→ How to complete this task: Please repeat only the lines below starting at the line that holds "SOEWIOU Magnetic for" and ending at the line that holds "(下图为部分图鉴数据,升级所需经验值以及升级后属性数值)", exactly, with both of those lines included and every picture omitted.

→ Supplied data:
● ● ● ●

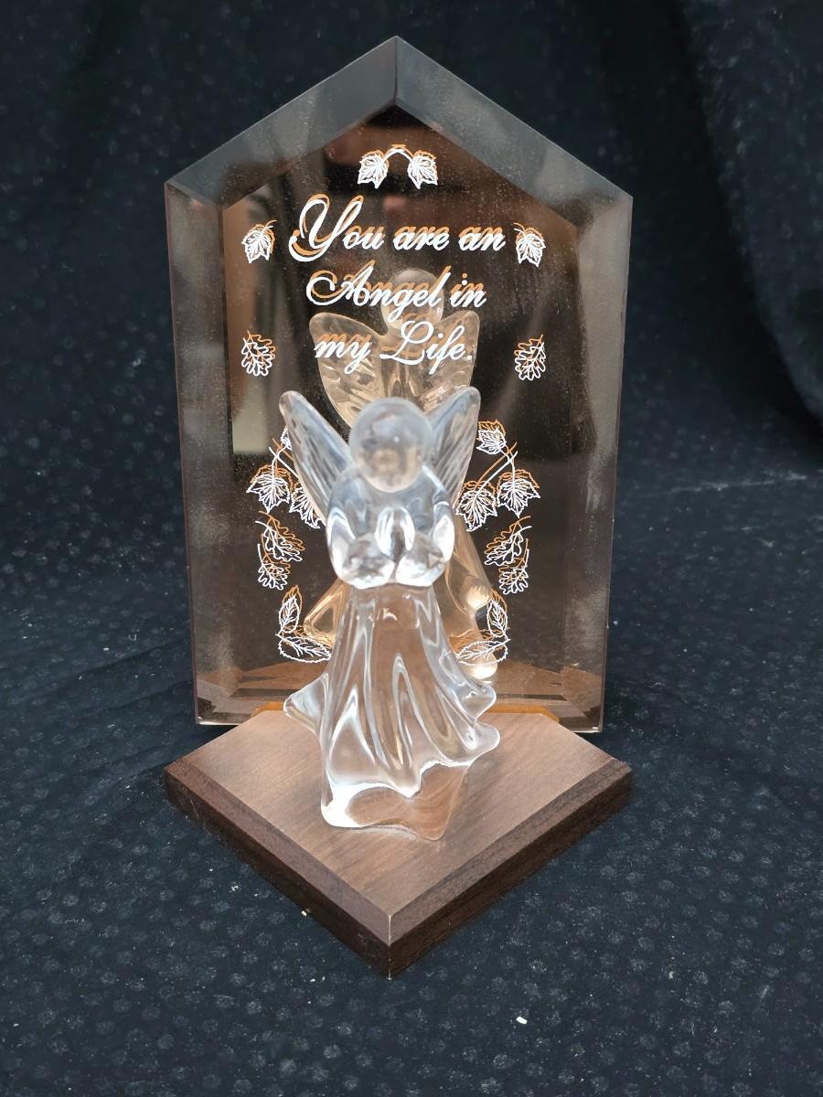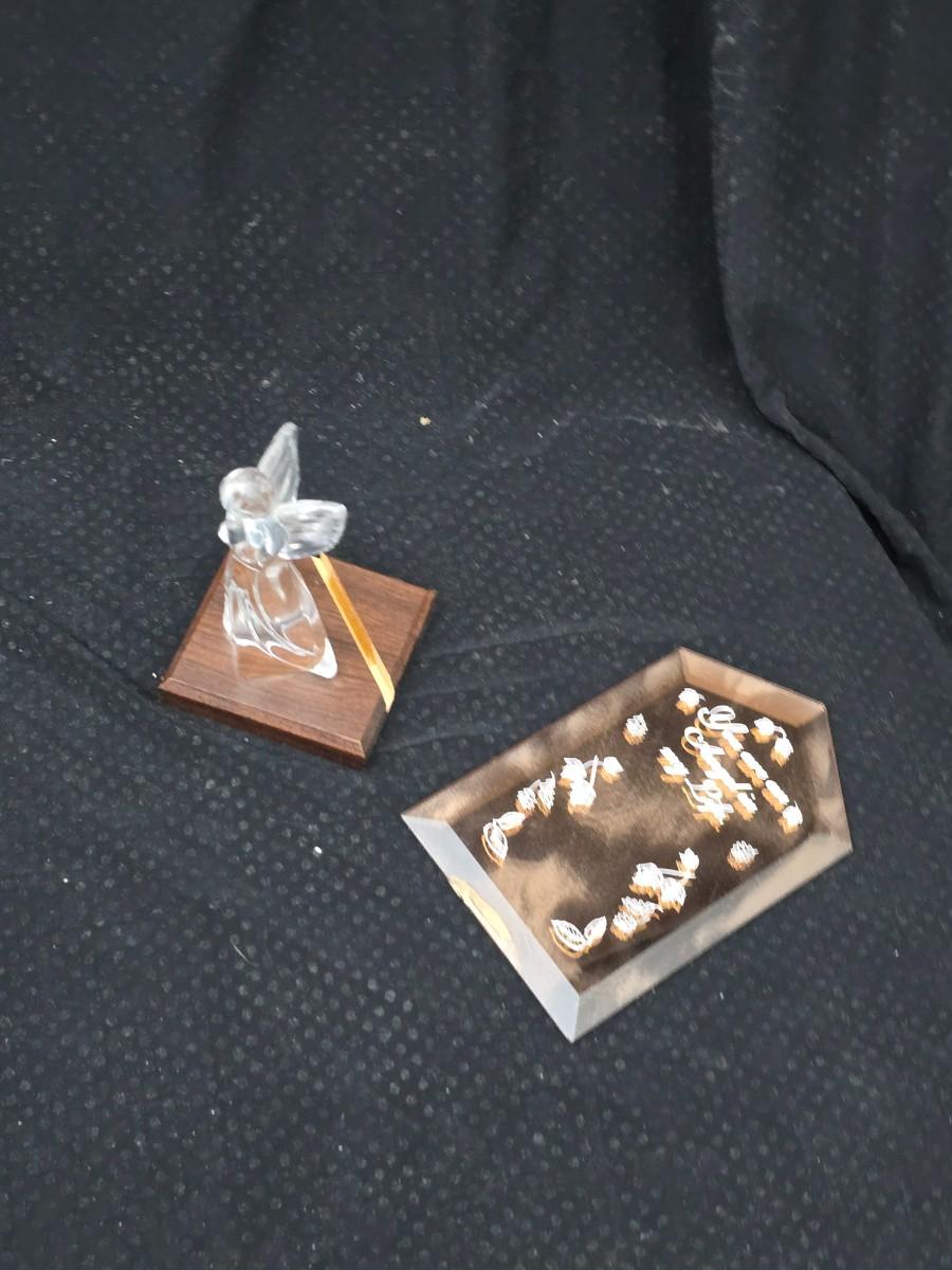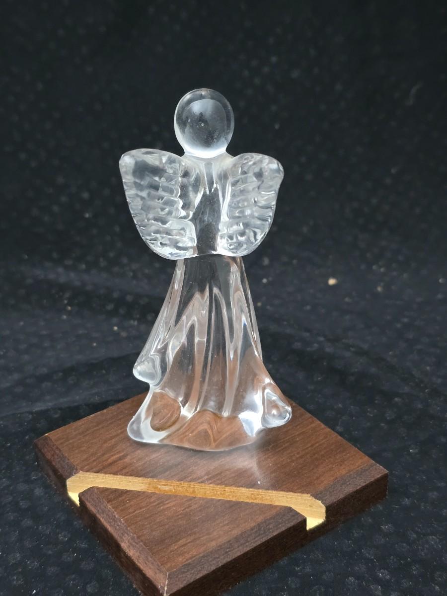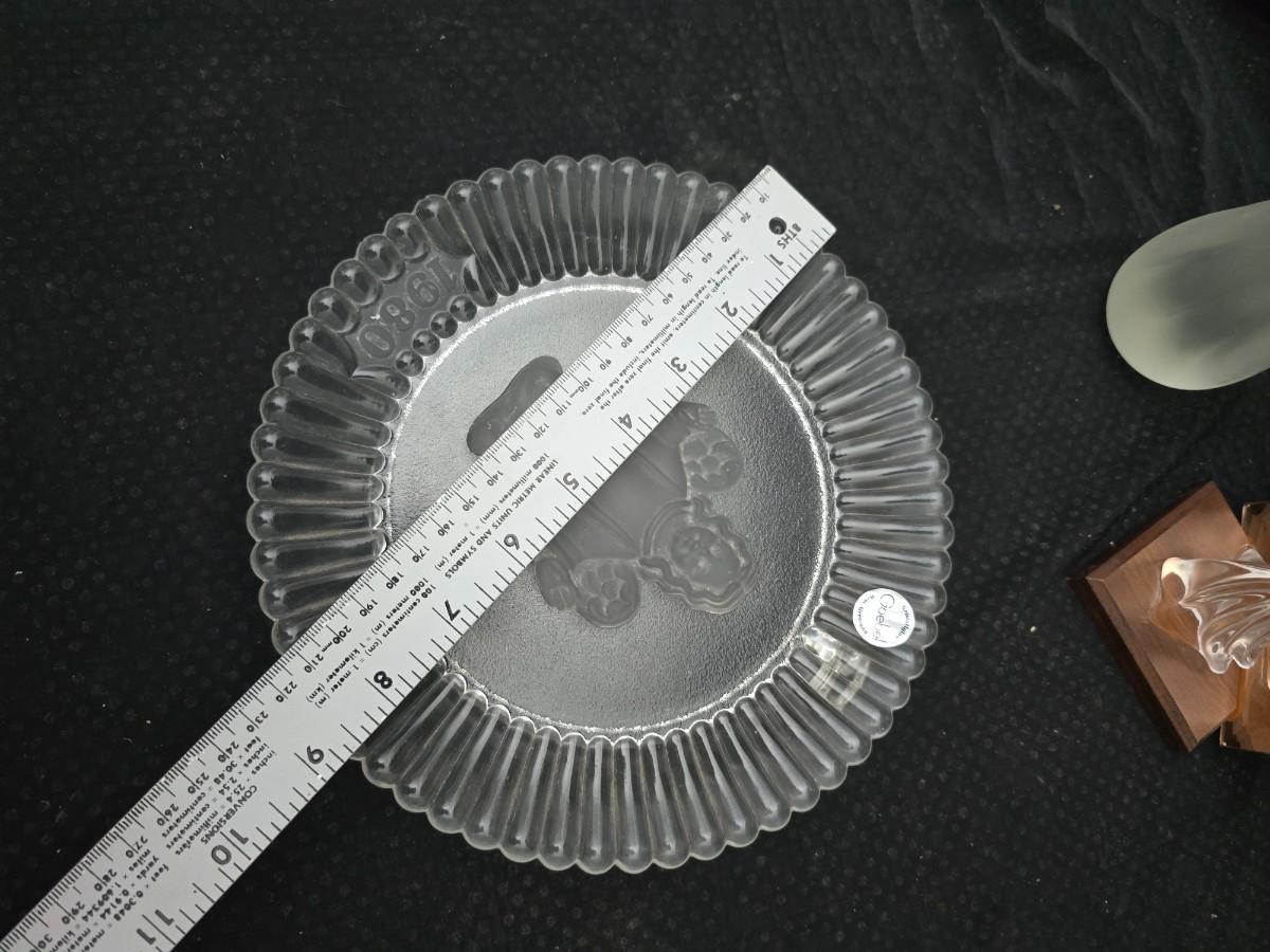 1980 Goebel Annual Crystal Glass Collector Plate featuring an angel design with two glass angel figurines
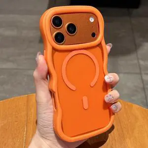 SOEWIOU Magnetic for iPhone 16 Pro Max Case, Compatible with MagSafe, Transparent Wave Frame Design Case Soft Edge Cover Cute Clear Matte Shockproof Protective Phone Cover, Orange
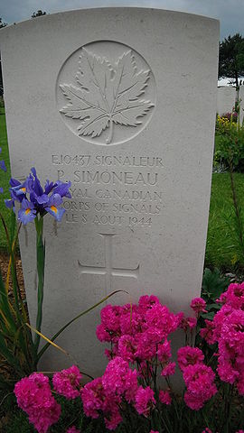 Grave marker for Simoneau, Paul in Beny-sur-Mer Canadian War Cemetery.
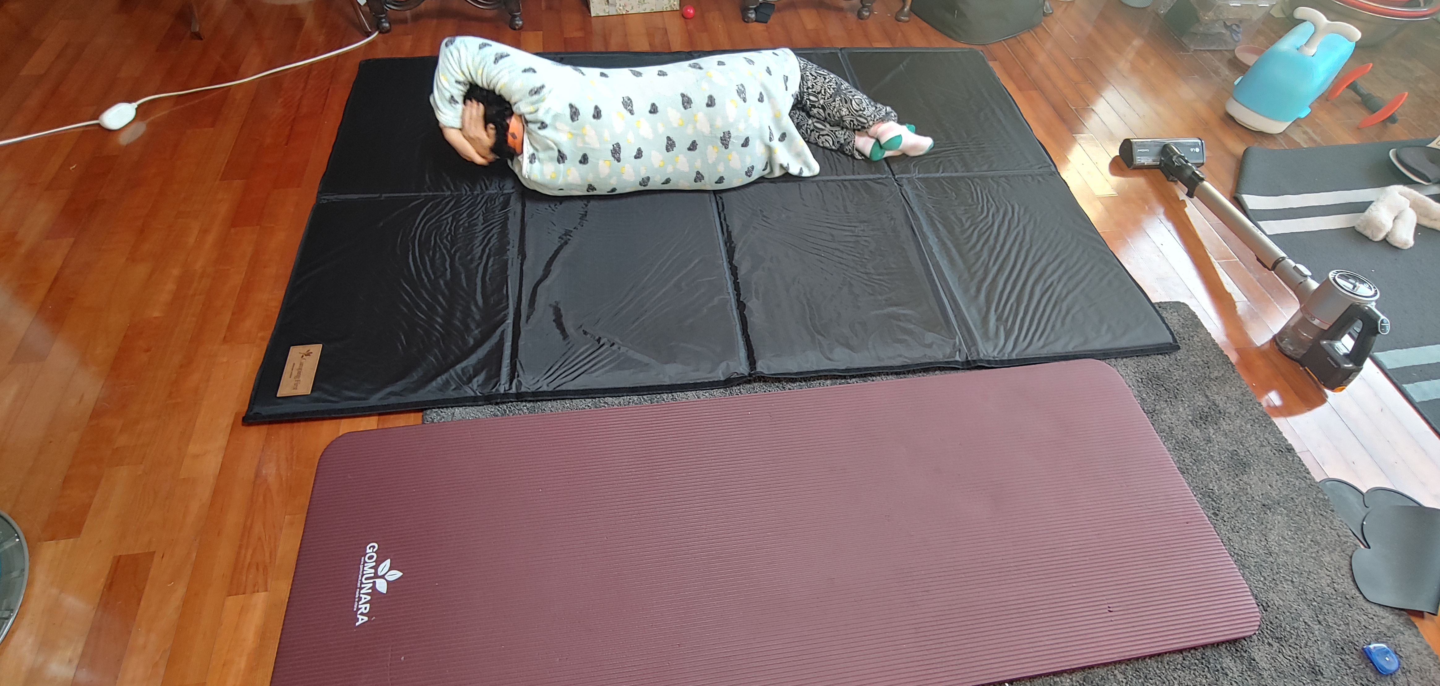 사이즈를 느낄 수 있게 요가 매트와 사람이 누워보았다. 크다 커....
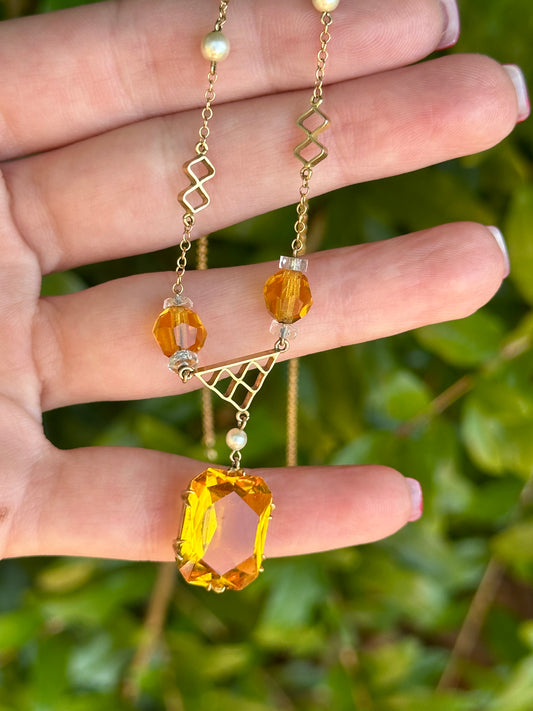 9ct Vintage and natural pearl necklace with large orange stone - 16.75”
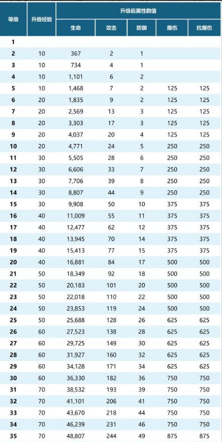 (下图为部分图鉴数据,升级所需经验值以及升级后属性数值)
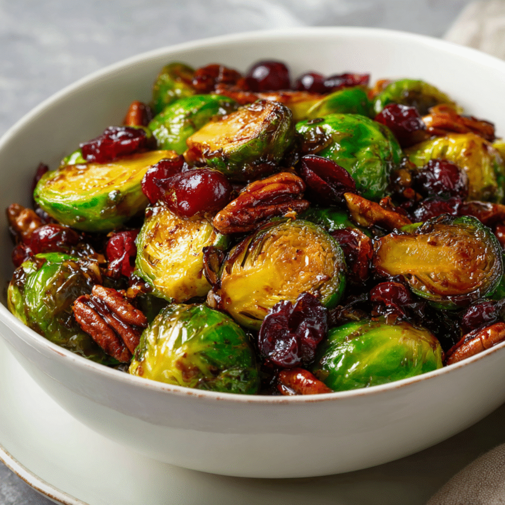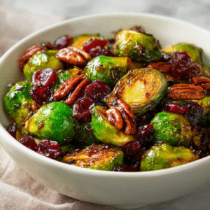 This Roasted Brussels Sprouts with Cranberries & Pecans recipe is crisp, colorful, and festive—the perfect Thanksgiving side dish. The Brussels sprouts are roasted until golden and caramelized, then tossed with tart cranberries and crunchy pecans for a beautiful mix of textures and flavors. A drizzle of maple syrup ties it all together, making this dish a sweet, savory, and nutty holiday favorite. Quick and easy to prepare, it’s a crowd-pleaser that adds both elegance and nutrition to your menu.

● ● ● ●

→ Solution:
 SOEWIOU Magnetic for iPhone 16 Pro Max Case, Compatible with MagSafe, Transparent Wave Frame Design Case Soft Edge Cover Cute Clear Matte Shockproof Protective Phone Cover, Orange
 Grave marker for Simoneau, Paul in Beny-sur-Mer Canadian War Cemetery.
 사이즈를 느낄 수 있게 요가 매트와 사람이 누워보았다. 크다 커....
 9ct Vintage and natural pearl necklace with large orange stone - 16.75”
 (下图为部分图鉴数据,升级所需经验值以及升级后属性数值)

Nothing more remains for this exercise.